The Ultimate Purpose
Prayōjanam (Sanskrit: pra + yojana = that which connects/applies; 'purpose, benefit, fruit, application') is the technical term for the goal or fruit of an undertaking — what the practitioner ultimately gains from engaging with a text, a discipline, or a practice. In the traditional structure of scriptural inquiry, every work begins with four preliminary considerations (anubandha-catuṣṭaya):
- Viṣaya — the subject matter
- Sambandha — the relationship between text and goal
- Prayōjanam — the fruit/benefit
- Adhikārī — the qualified recipient
The One Prayōjanam
In Viśiṣṭādvaita, the ultimate prayōjanam of all spiritual endeavor — all knowledge, all practice, all prapatti — is eternal kaiṅkarya (loving service) to Bhagavān Śrīman Nārāyaṇa in Vaikuṇṭha.
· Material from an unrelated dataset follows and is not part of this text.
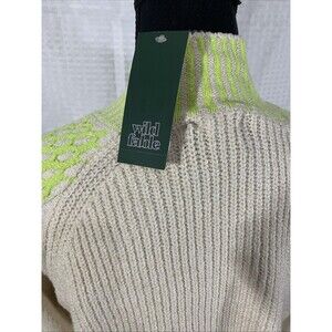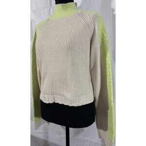 Wild Fable Cropped Sweater Womens XXS NWT Cream Lime Green Mock Neck Oversized S

Everything else is either a means to this or a preparation for it. Even liberation (mokṣa) is not the final prayōjanam in a negative sense (just freedom from suffering) but in the positive sense of arriving at the realm where one can serve the Lord without limitation.
In Textual Analysis
Commentators of the Divya Prabandham and other granthams regularly identify each work's prayōjanam — what the reader/reciter gains. This is not a commercial promise but a theological statement about the grace embedded in the text.